■ TASK BRIEF ■
Set the material down again exactly, line by line, skipping each picture.

■ DATASET EXTRACT ■
+ + + + +

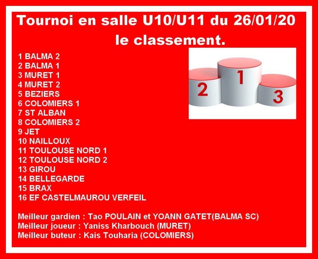 Merci à tous les participants : joueurs, éducateurs, parents, arbitres… qui, par leur présence, leur attitude, leur implication ont permis le bon déroulement de ce premier tournoi en salle de l’année 2020 au Balma SC.
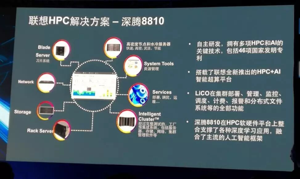 深腾8810集群是联想自主研发的全新集群,配有HPC+AI智能超算平台LiCO,它也是联想为企业级用户推荐的人工智能应用的平台。
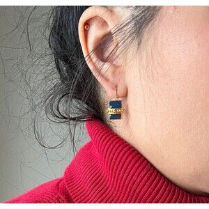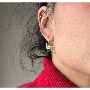 vtg 90s petite blue and gold rectangular small drop earrings glam retro lavish

+ + + + +

■ ANSWER FOR THIS EXERCISE ■
 Merci à tous les participants : joueurs, éducateurs, parents, arbitres… qui, par leur présence, leur attitude, leur implication ont permis le bon déroulement de ce premier tournoi en salle de l’année 2020 au Balma SC.
 深腾8810集群是联想自主研发的全新集群,配有HPC+AI智能超算平台LiCO,它也是联想为企业级用户推荐的人工智能应用的平台。
 vtg 90s petite blue and gold rectangular small drop earrings glam retro lavish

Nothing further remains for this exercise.